There were previous attempts to monetize own attention-time by sharing the ad income between content providers and victims themselves, but it never worked because the opt-in/on-boarding was complex, and payments were expensive in the absence of efficient micropayment systems.

The willing bot network technology, where it is technically impossible to remotely distinguish human attention from automata, may turn the whole Internet business/influence/big data model upside down.

Instead on wasting money on anti-virus software and ad blockers, people could monetize their own internet/mobile connections by intentionally installing bots/AI and auctioning for getting hit by ads, or tweeting support (with premiums for using verified real names.) The money is unlikely to come from those paying for ads (as they would avoid ad networks that participate in this,) but it may come from competition, commercial or political. Such adversaries would pay to create misleading data - interest in product, support for ideology, candidate, etc.

We are already seeing willing manual 'bots', party zealots, who intensely promote politics, issues and candidates, often for direct remuneration.

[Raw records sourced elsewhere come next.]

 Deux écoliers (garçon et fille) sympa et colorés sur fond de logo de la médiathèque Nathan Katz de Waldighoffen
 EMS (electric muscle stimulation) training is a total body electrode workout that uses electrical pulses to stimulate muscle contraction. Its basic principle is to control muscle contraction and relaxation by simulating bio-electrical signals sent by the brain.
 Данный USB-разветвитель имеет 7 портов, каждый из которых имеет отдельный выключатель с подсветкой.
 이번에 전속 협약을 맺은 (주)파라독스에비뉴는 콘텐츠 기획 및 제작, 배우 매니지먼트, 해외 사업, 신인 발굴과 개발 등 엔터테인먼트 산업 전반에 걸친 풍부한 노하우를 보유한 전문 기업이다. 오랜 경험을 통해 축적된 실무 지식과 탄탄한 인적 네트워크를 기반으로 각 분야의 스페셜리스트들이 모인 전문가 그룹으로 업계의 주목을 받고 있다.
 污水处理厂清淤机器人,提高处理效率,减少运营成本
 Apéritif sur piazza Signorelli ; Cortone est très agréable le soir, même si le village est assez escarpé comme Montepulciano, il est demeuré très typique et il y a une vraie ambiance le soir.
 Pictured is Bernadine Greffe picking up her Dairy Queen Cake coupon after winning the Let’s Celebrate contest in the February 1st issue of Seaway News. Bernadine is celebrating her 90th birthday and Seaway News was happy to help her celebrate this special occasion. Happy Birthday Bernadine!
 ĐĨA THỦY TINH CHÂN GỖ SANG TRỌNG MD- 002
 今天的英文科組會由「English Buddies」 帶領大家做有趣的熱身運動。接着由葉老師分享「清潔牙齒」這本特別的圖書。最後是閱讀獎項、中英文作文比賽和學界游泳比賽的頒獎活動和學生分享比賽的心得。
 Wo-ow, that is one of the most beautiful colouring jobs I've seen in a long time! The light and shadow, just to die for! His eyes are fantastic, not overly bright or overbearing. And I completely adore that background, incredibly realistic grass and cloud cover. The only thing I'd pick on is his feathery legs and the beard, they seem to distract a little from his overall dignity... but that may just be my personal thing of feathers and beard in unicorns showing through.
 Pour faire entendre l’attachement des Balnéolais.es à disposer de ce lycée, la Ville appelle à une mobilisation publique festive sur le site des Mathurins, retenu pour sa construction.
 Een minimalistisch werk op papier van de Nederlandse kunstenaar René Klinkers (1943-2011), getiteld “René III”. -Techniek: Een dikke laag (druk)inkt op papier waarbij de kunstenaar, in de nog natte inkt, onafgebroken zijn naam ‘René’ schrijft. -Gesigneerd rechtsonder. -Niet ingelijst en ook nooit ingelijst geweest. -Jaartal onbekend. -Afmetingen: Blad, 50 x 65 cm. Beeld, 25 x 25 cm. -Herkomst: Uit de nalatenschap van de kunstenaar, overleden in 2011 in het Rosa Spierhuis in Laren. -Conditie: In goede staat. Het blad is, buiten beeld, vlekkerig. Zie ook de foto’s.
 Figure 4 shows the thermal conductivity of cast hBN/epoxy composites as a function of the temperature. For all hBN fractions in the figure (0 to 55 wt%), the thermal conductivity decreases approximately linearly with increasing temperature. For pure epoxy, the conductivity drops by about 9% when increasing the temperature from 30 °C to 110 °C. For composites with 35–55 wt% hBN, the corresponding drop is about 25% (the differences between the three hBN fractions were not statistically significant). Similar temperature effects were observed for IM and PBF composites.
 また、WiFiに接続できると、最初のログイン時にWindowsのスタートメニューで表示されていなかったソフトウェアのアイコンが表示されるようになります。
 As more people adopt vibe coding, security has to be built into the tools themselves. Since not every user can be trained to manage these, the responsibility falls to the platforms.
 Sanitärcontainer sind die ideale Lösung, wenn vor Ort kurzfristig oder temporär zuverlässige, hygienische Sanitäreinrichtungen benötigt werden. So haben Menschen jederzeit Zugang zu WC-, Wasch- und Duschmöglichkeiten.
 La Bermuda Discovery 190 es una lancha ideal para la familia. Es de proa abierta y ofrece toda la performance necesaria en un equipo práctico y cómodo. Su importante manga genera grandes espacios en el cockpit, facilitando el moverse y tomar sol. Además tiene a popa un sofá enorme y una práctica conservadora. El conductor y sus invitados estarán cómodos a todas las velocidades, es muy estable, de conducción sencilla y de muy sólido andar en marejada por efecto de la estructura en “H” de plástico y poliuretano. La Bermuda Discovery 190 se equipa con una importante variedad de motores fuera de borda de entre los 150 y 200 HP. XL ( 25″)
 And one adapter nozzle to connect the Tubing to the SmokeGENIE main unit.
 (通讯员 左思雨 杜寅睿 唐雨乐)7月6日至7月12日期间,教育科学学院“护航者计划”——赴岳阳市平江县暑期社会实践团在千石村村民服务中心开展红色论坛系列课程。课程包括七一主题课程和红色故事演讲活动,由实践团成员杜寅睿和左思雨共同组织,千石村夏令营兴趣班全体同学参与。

It seems we're close to the moment where AI, network technologies and payment systems will enable presently passive targets to participate in the ad/big data/campaign economy.

While it may sound preposterous today that people will massively rent out their (real or fake) Facebook/Twitter/LinkedIn credentials, to be used from their own home/mobile devices, impossible to distinguish from the 'genuine' use, some will. It is a small step from being cool with no privacy to outright renting out one's persona (if you have any doubts, check out the booming business of live porn sites - in 1990s we had one JenniCam, now there are tens of thousands, and there is one in your block.)

The questions are: what is the critical mass to kill the concept of online presence, and how long it will take. The rest are technical problems, and those get solved. The Internet may, once again, route around the damage.


On 12/22/16, 5:12, nettime's failing bot net wrote:

[looks like the most promising digital business model in years.]